TASK STATEMENT :: In the material below, the lines between the one holding "Le matin, nous" and the one holding "有市民在武漢城市留言板上建議", inclusive, are to be set down word for word. Pictures stay out.

DATA TO EXAMINE ::
[Start of Attachment]

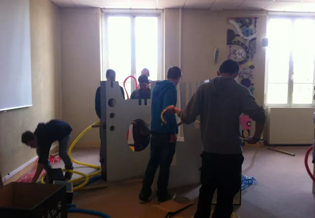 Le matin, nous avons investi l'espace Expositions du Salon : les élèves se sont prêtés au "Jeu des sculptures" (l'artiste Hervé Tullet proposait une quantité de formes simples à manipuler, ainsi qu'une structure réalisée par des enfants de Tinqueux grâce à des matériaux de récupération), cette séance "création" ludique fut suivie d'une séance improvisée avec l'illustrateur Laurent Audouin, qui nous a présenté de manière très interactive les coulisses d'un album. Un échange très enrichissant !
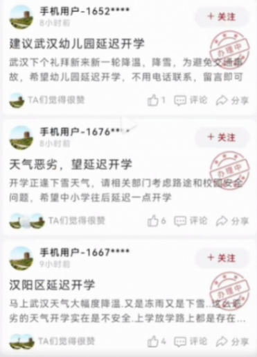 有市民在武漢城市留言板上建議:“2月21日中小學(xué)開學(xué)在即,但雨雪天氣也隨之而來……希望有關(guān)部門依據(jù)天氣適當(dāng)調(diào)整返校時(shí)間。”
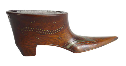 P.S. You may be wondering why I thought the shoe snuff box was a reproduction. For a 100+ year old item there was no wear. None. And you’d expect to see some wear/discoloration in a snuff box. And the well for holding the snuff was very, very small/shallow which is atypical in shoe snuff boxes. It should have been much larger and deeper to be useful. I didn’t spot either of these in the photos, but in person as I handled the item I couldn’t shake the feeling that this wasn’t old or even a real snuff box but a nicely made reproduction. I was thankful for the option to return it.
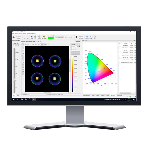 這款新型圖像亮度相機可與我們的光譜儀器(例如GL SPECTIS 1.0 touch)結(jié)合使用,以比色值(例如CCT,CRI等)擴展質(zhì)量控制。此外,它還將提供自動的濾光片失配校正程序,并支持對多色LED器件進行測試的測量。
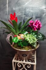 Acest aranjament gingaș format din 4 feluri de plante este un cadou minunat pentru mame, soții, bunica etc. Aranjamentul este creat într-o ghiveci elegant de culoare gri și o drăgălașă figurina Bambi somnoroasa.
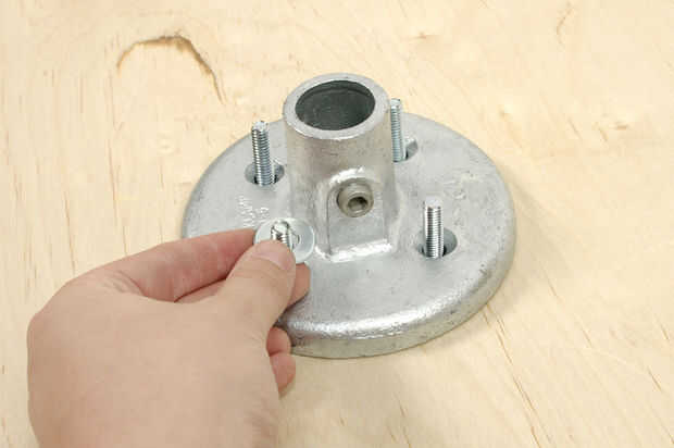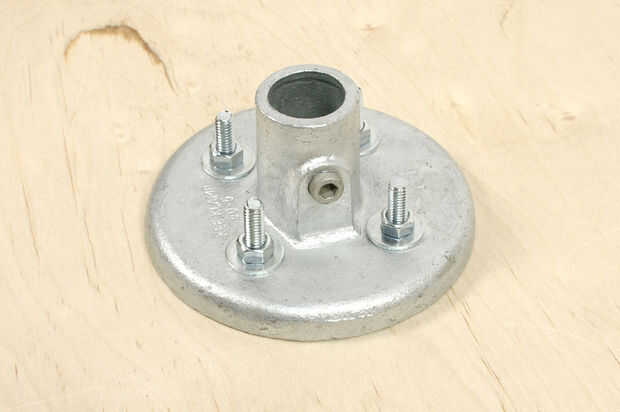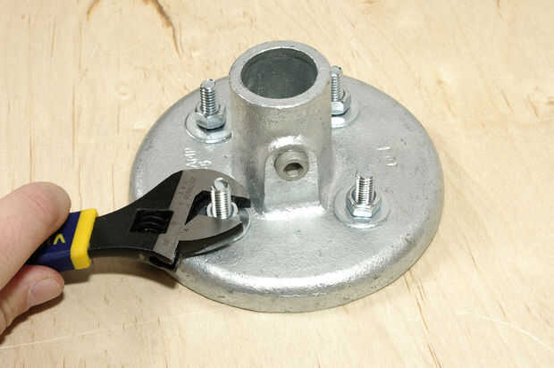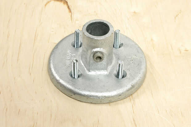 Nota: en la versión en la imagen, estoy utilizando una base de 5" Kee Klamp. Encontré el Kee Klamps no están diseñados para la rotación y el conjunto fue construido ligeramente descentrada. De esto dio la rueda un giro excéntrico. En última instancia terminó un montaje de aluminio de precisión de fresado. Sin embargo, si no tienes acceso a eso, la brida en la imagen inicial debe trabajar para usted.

[End of Attachment]
[Start of Attachment]

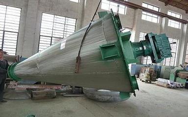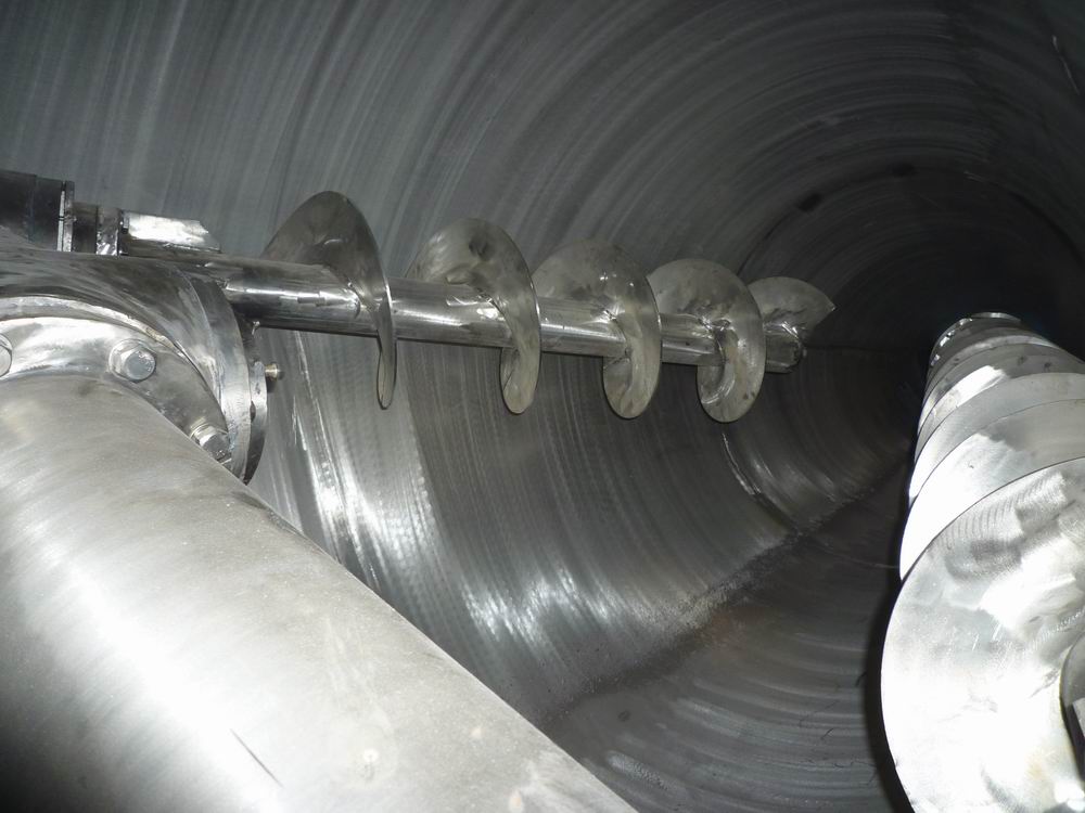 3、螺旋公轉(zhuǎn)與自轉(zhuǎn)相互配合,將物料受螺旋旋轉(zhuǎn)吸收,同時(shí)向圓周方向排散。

[End of Attachment]

SOLVED EXERCISE ::
 Le matin, nous avons investi l'espace Expositions du Salon : les élèves se sont prêtés au "Jeu des sculptures" (l'artiste Hervé Tullet proposait une quantité de formes simples à manipuler, ainsi qu'une structure réalisée par des enfants de Tinqueux grâce à des matériaux de récupération), cette séance "création" ludique fut suivie d'une séance improvisée avec l'illustrateur Laurent Audouin, qui nous a présenté de manière très interactive les coulisses d'un album. Un échange très enrichissant !
 有市民在武漢城市留言板上建議:“2月21日中小學(xué)開學(xué)在即,但雨雪天氣也隨之而來……希望有關(guān)部門依據(jù)天氣適當(dāng)調(diào)整返校時(shí)間。”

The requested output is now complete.